As a student, let me try to share my experiences. There is a certain unspoken, unstated protocol to asking questions. Not only are questions asked, but sometimes they are asked from a place of doubt or disbelief. So, there are certainly questions out on the floor, but it's going to be hard to fully put into words that culture.

The information comes out like a steady stream of water from a garden hose. You just have to be present, aware, and on track. The term 'to Bode' came into slang usage from Bode's early tendency to want to drink from a fire hose (my metaphor). I've heard Bode say he doesn't ask near the amount of questions anymore because the answers come if he is just patient or thinks about it some first. Good questions at the appropriate time are extremely useful, but a lot of questions with the answers to which you won't fully grasp can frustrate or retard the learning process. And a lot of 'bad' questions will slow down the entire class.

I'd also add Doc VERY much has a vision for a student moving along the curriculum. Because he knows where he wants the student to be at a certain level and has the material meticolously developed, I honestly think you could get by on very few 'why' questions. This is because the answers will come as a natural part of the material he has presented. That is a credit to the decades he has spent thinking about how to teach all this. The learning process is a steady pace, not a sprint.

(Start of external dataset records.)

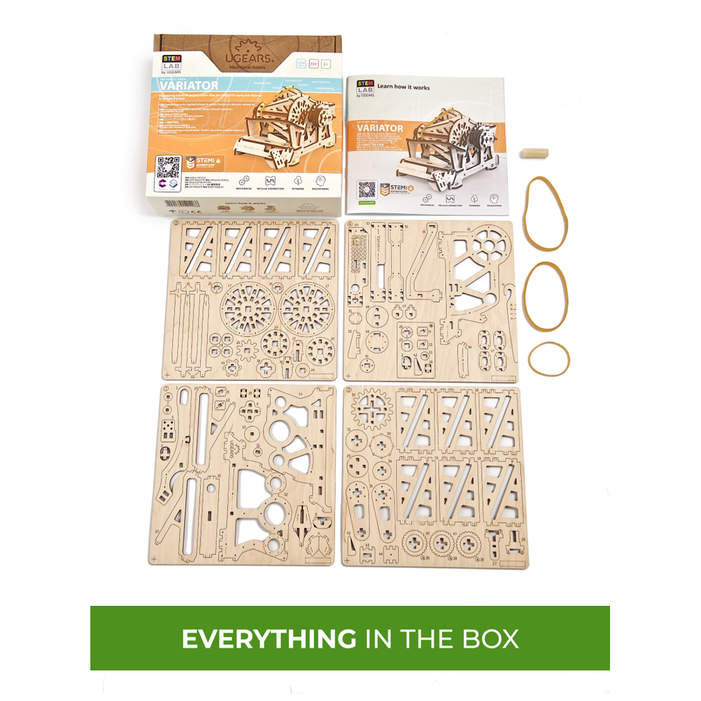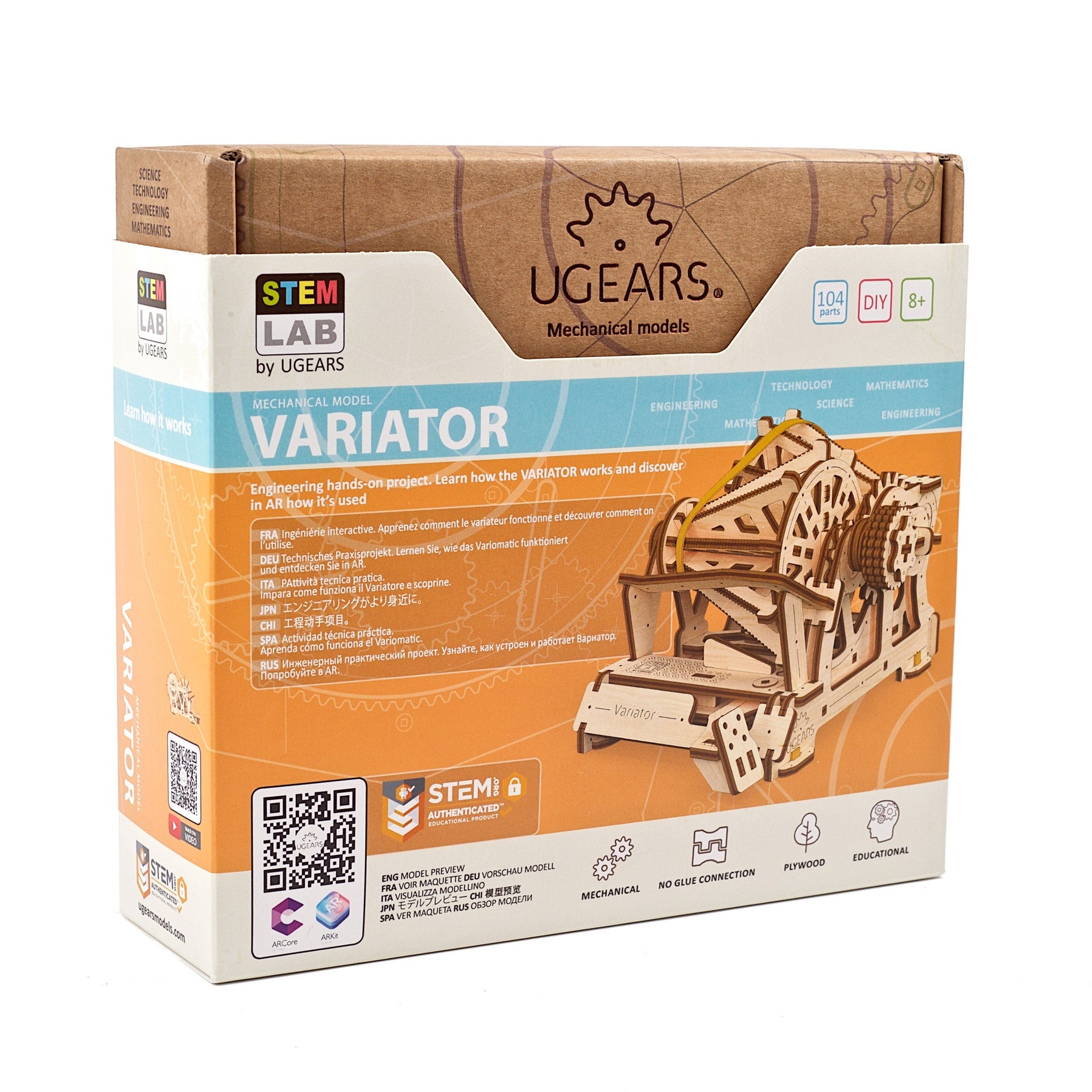 Kit de modélisme mécanique éducatif Variateur de la série Ugears STEM Lab. Puzzle 3D en bois. Découvrez-le en réalité augmentée.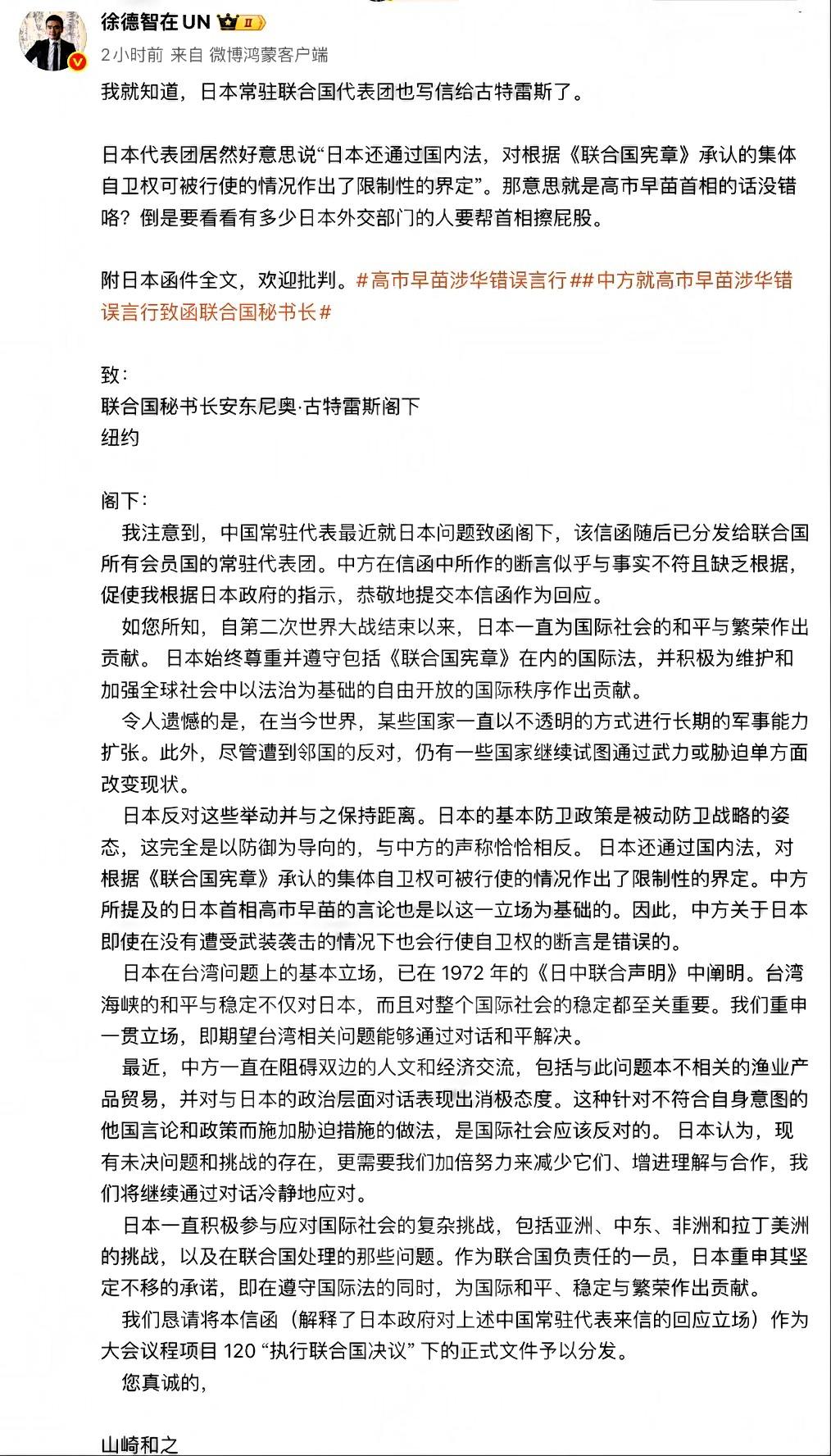 果不其然,在中方向联合国秘书长古特雷斯致函之后,日方也写了一份信,大概意思就是说中方“反应过度”了,说什么军事透明度,扯什么日本遵守了国际法之类。 “中方反应过度”?这是日本常驻联合国代表在致函古特雷斯时,用来回应中国严正立场的核心说辞。乍一听,仿佛自己才是被误解的一方,可细品之下,这话里透着一股熟悉的套路——不是反思错误,而是忙着给自己找台阶下。 高市早苗11月7日在国会那番话,把台海局势与日本“存亡危机事态”挂钩,等于变相将台湾纳入其集体自卫权的适用范围。这可不是随口一说的技术性表述,而是对一个中国原则的实质性挑战。更关键的是,日方事后不仅没撤回,反而通过外交渠道反复强调“符合国际法”“保持军事透明”,试图把政治挑衅包装成“合法合规”的常规操作。 央视记者徐得智将日方信件内容做了梳理,里面通篇没提“尊重中国主权”,却反复强调“日本的安全关切”。这种逻辑很奇怪:别人的内政,怎么就成了你的安全威胁?就好比邻居家里商量家务事,你非说这会影响你晚上睡不着觉,还要带人上门“维持秩序”——这合理吗? 我觉得,问题不在高市早苗一个人身上。从外务省到防卫省,从执政党到官僚体系,日方上下口径高度一致,说明这不是即兴发言,而是经过内部协调的战略表态。2022年新版《国家安全保障战略》把中国定为“前所未有的最大战略挑战”,2025年又加速部署远程打击能力,现在又在台海问题上主动“刷存在感”——这一连串动作,显然不是孤立事件。 过去几十年,中日关系之所以能磕磕绊绊往前走,靠的是双方对历史和现实的基本共识。比如1972年《中日联合声明》明确写入“台湾是中国领土不可分割的一部分”,1998年《中日联合宣言》重申“不干涉内政”。可如今,某些势力似乎觉得这些承诺已经过时,可以随意绕开甚至无视。 但中国的态度一直很清晰:台湾问题没有模糊空间,更没有讨价还价的余地。傅聪大使在致函中引用《联合国宪章》第五十一条关于自卫权的规定,不是在放狠话,而是在重申国际法赋予主权国家的正当权利。如果有人执意把和平对话的窗口关上,那后果只能由挑起事端的一方承担。 有意思的是,日方一边喊着“遵守国际法”,一边却对《开罗宣言》《波茨坦公告》这些战后国际秩序的基石文件避而不谈。这些文件明确规定将台湾归还中国,是国际社会普遍承认的事实。选择性适用国际法,本质上是对规则本身的破坏。 面对这种情况,我们确实需要调整心态。幻想对方会突然“讲道理”,不如扎实做好自己的事。中国的国防建设始终以防御为目的,东风系列导弹、航母编队、区域拒止能力,都是为了确保任何外部势力不敢轻易越线。这种底气,不是为了打仗,而是为了让和平更有分量。 朝鲜半岛局势、台海稳定、东海安全——这些议题看似分散,实则环环相扣。日本若真想成为“正常国家”,首先得学会尊重邻国的核心利益,而不是靠渲染威胁来获取军事扩张的借口。真正的安全,从来不是靠别人让步换来的,而是建立在相互尊重基础上的长期互信。 现在的问题是:当一方不断试探红线,另一方坚持底线思维,中间的缓冲地带正在快速消失。这时候,清醒比热情更重要,准备比口号更管用。 各位读者你们怎么看?欢迎在评论区讨论。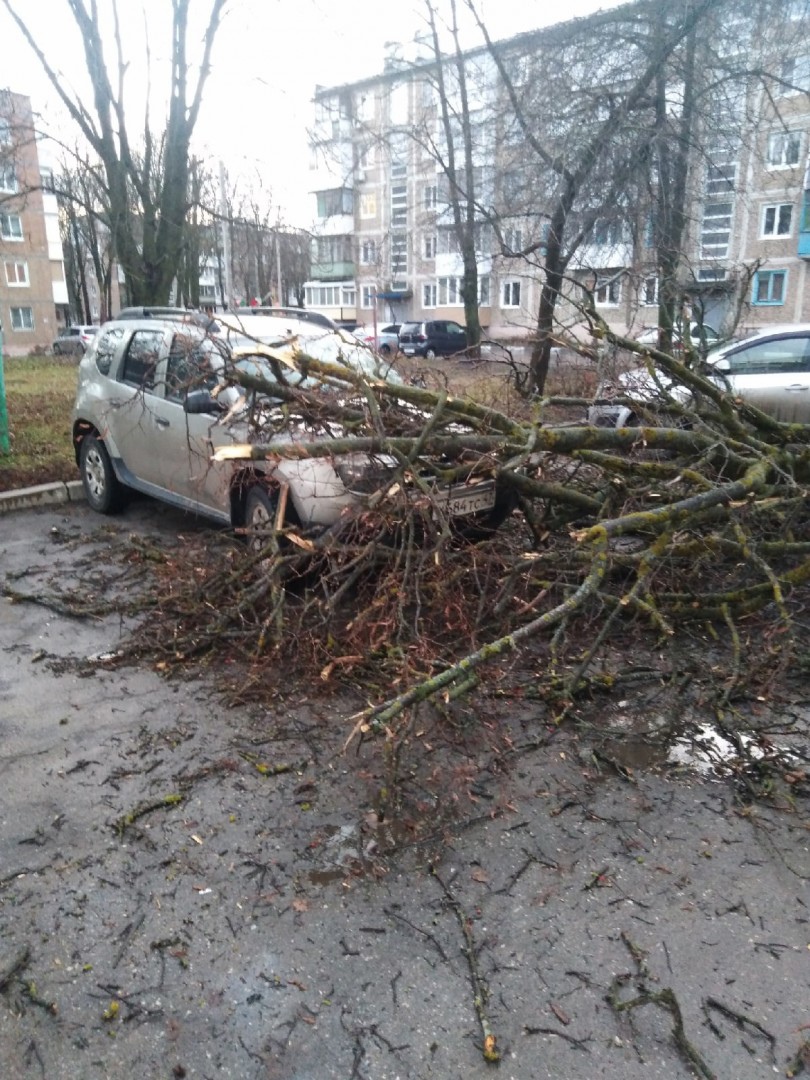 Как мы писали ранее, в Туле ветер повалил несколько деревьев и столбы линии электропередач, жители Новомосковска также поделились последствиями штромового ветра: так, в одном из дворов, на автомобиль упало дерево, выломанное ветром из земли, а на улице Орджоникидзе, 6/33 перевернуло остановочный павильон.
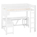 Full Size Gaming Loft Bed With Desk, Storage Shelves, LED And Charging Station - White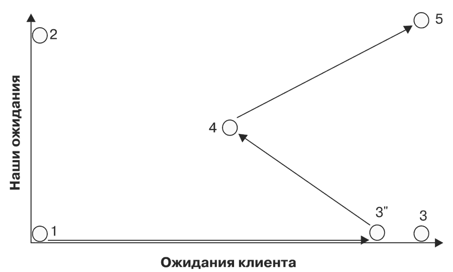 В этой плоскости нередко начинают с хода 1 —> 2. Что это значит? Насилие над клиентом. Во что бы то ни стало «втюхать», «втюрить» ему свой продукт или услугу. Удовлетворить свои ожидания, а там хоть трава не расти. Итак, назовем точку 2 «точкой насилия». Может ли клиент полюбить вас после этого? Далеко не всегда. Хотя один мой во всех смыслах мощный знакомый утверждал, что клиента можно и нужно насиловать, «стерпится – слюбится», и осознавший твою мощь клиент сам позовет тебя в точку 5, где счастливы все.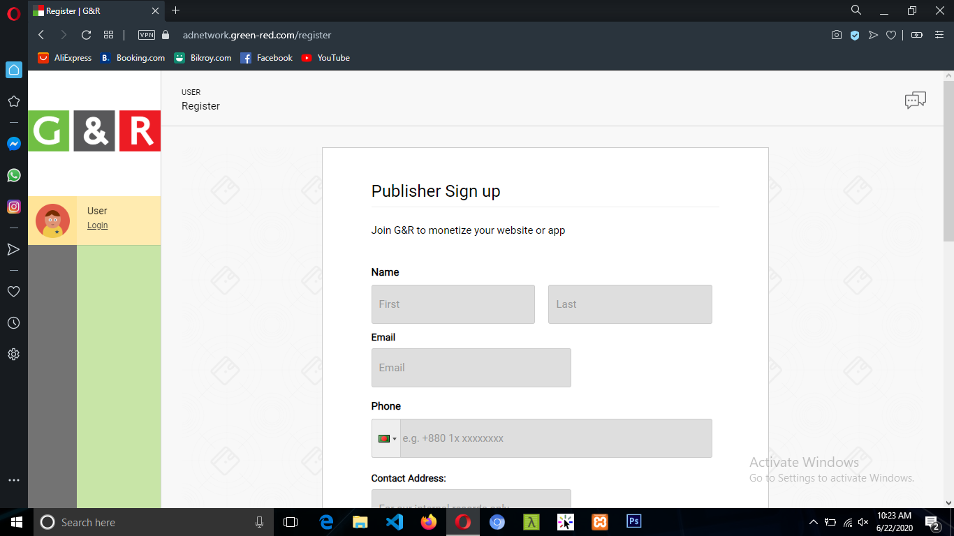 আমরা যে এড নেটওয়ার্কটির কথা বলতেছি তার নাম হচ্ছে গ্রীন রেড। একাউন্ট খোলার জন্য আপনাকে এই লিংকে যেতে হবে। https://adnetwork.green-red.com/register?for=publisher যাওয়ার পর নিচের মতো একটি পেজ দেখতে পাবেন।
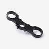 A motorcycle fork connects a motorcycle's front wheel and axle to its frame, typically via a yoke, also known as a triple clamp, which consists of an upper yoke joined to a lower yoke via a steering stem, a shaft that runs through the steering head, creating the steering axis.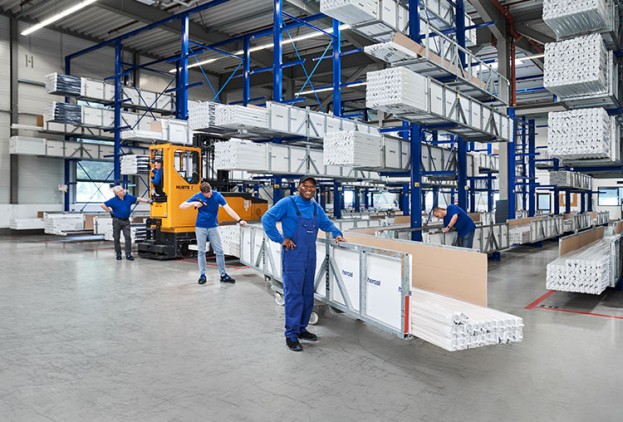 Seit der Inbetriebnahme im Jahr 2011 sind die beiden vollautomatischen Hochregallager das Herzstück des Zentrums: eines ist für die Lagerung von Profilen in Langgutpaletten ausgelegt, das andere für Zubehör auf Euro- und Gitterboxpaletten. Der computergesteuerte Prozess gewährleistet eine präzise, schnelle und zuverlässige Bearbeitung sämtlicher Aufträge im 159 Meter langen, 44 Meter breiten und 31 Meter hohen Komplex.

Your rule sounds like a good one in a group class dedicated to physical training or first-level instruction. It might even be appropriate in other settings depending on the personalities and goals of your students -- i.e., if they lack discipline or seek only to be fighters.

Doc is very much about function first. You don't need understand how or why it works. You aren't going to be teaching the material. In the beginning, the focus is on performing the material at the highest level possible. White belts need to perform first, understand later. It's the warrior and scholar dichotomy.

It sounds like a horrible rule for private lessons, advanced classes, and seminars. And it would run counter to nourishing real students of the art.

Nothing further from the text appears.